Personal information
- Born: 23 March 2003 (age 23) Kurram District, Khyber Pakhtunkhwa, Pakistan
- Batting: Right-handed
- Bowling: Right-arm Medium
- Role: All-rounder

Domestic team information
- 2023-present: Federally Administered Tribal Areas cricket team
- 2023–2025: Karachi Kings

= Shahid Aziz (cricketer) =

Pakistani cricketer (born 2003)

Shahid Aziz (شاہد عزیز, شاهد عزیز; born 23 March 2003) is a Pakistani cricketer who is a right arm medium fast bowler and Right-handed batter for Multan Sultans and the Federally Administered Tribal Areas cricket team

== Career ==
On November 9, 2023, he played for the Federally Administered Tribal Areas cricket team in the 2023–24 Pakistan Cup, making his List A debut.
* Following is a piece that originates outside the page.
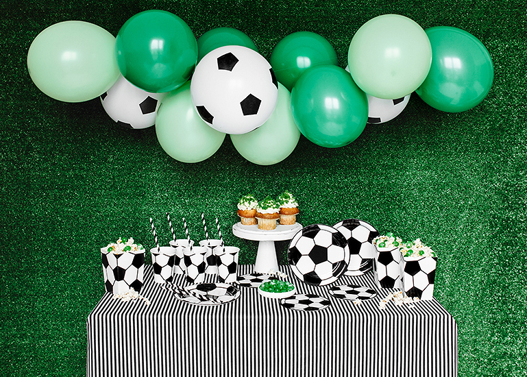 Ein Dekorationsset im Fußballdesign ist der einfachste und schnellste Weg, eine Party zu veranstalten. Dieses fertige Set enthält fast immer die notwendigsten Artikel und Dekorationen, um eine einzigartige Atmosphäre zu schaffen. Das Set enthält: Pappbecher - 6 Stück Pappteller - 6 Stück Papierservietten - 20 Stück Papierstrohhalme - 10 Stück Popcornschachteln - 6 Stück Latexballonkugeln - 3 Stück Latexballons pastellgrün - 4 Stück Latexballons smaragdgrün - 5 Stück.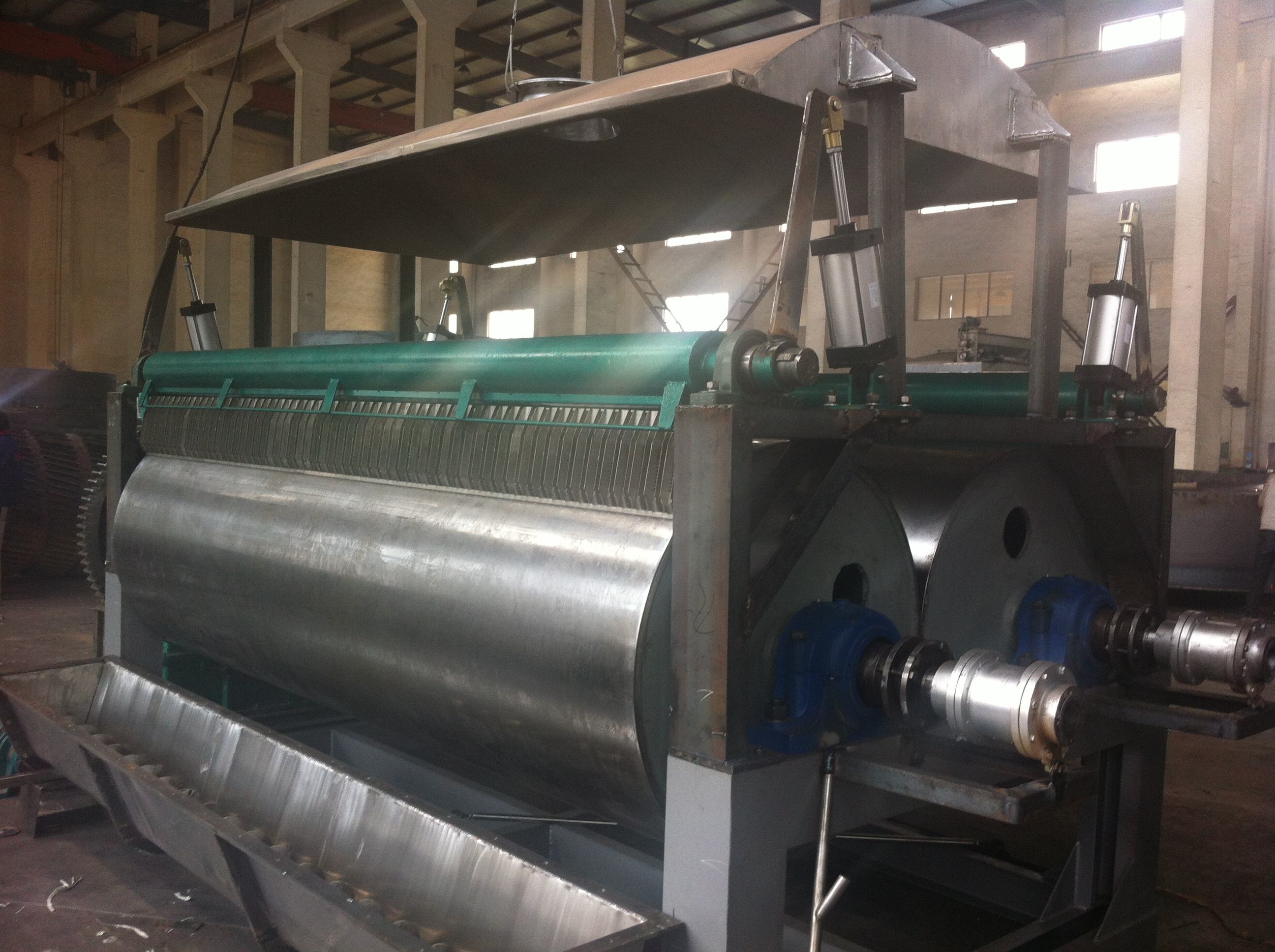 為了避免這些干燥設(shè)備缺陷的影響,可以通過加翅片換熱器、溶劑回收冷凝器、袋式過濾器、干料返混機(jī)構(gòu)、引風(fēng)機(jī)等輔機(jī),可提高干燥機(jī)的生產(chǎn)能力。干燥膏糊狀和熱敏性物料,每塊盤或每組盤能各自加熱或冷卻。

From October 16 to 19, 2023, Aziz made his first-class debut for the Federally Administered Tribal Areas cricket team in the 2023–24 Quaid-e-Azam Trophy. He made his Twenty20 debut on November 23, 2023 while playing in the 2023–24 National T20 Cup for the Federally Administered Tribal Areas cricket team. Aziz joined the Multan Sultans to play in the 2025 Pakistan Super League Tournament.